Integrate a rate-limiting library such as rack-attack to enforce limits per API key. Configure rules that track requests by a normalized key header and reject excess requests with a 429 Too Many Requests response.

# config/initializers/rack_attack.rb
class Rack::Attack
  # Throttle requests per API key
  throttle("api/key", limit: 300, period: 60) do |req|
    # Extract API key from headers
    req.get_header("HTTP_X_API_KEY")
  end

  # Custom response when rate limit is exceeded
  self.throttled_response = lambda do |env|
    [
      429,
      { "Content-Type" => "application/json" },
      [{ error: "Rate limit exceeded. Try again later." }.to_json]
    ]
  end
end

2. Validate and rotate API keys securely

Store API keys encrypted and rotate them periodically. Avoid embedding keys in URLs or JavaScript bundles. In Hanami, you can define a custom repository to manage key verification and metadata such as rate limits.

# lib/api_key_repository.rb
class ApiKeyRepository
  def self.verify(key)
    # Fetch key record from the database, ensuring it is active and not expired
    record = Hanami::Model.query(:api_keys).where(key_hash: ApiKeyRepository.hash_key(key)).first
    raise "Invalid key" unless record
    raise "Key disabled" unless record.active?
    record
  end

  def self.hash_key(key)
    Digest::SHA256.hexdigest(key)
  end
end

3. Apply key-based limits within the application layer

For finer control, enforce limits inside your Hanami actions or policies by tracking usage in a cache store such as Redis. This complements rack-attack by allowing dynamic adjustments per key.

# app/actions/items/search.rb
class Items::Search
  include Hanami::Action

  def call(params)
    api_key = env["HTTP_X_API_KEY"]
    usage_key = "rate_limit:#{api_key}"
    current = $redis.get(usage_key).to_i
    limit = 100

    if current >= limit
      raise Hanami::Action::Forbidden, { error: "Quota exceeded for this API key" }
    end

    $redis.incr(usage_key)
    $redis.expire(usage_key, 3600) unless $redis.ttl(usage_key) > 0

    # proceed with business logic
    Items::Search.new.call(params)
  end
end

4. Combine with other security checks

Ensure API keys are not logged in plaintext and are transmitted only over TLS. middleBrick’s Authentication and Encryption checks help identify weak handling of keys and missing transport protections. Use the CLI to verify your setup: middlebrick scan <url> to detect misconfigurations before deployment.

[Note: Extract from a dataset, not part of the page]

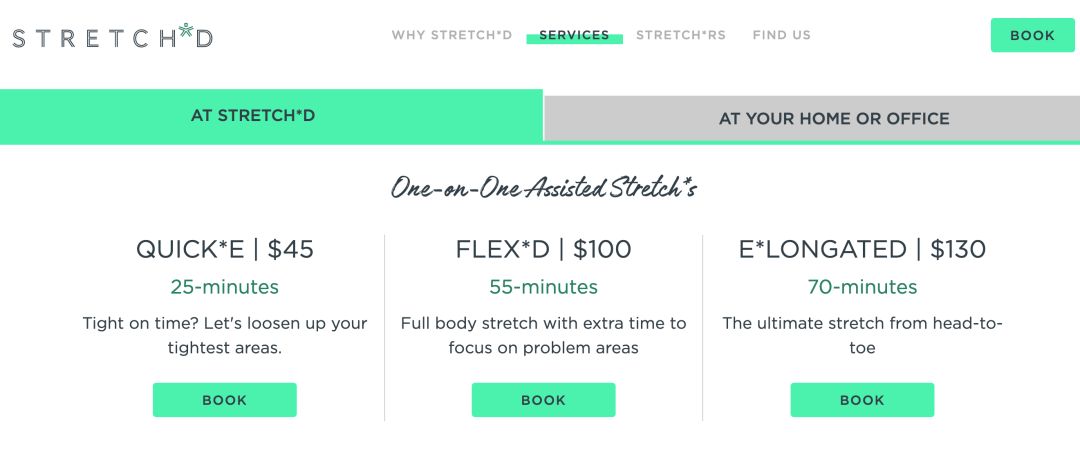 根据连锁拉伸工作室Stretch*D官网显示,55分钟的全身被动拉伸售价为100美元,对比来说,Equinox的Tier1系列私教课程为110美元,而Stretch*D的门店平均面积不超过120平方米。

Frequently Asked Questions

Can API keys alone prevent rate abuse in Hanami?
No. API keys provide authentication and identify clients, but they do not enforce usage limits. Without explicit rate limiting per key, an attacker with a valid key can make unbounded requests, leading to resource exhaustion. Rate limiting must be implemented separately.
How does middleBrick help detect missing rate limits for API keys?
middleBrick runs parallel security checks including Rate Limiting against the unauthenticated attack surface. It reports whether per-key or per-IP throttling is absent and highlights findings tied to the API Key handling and related controls.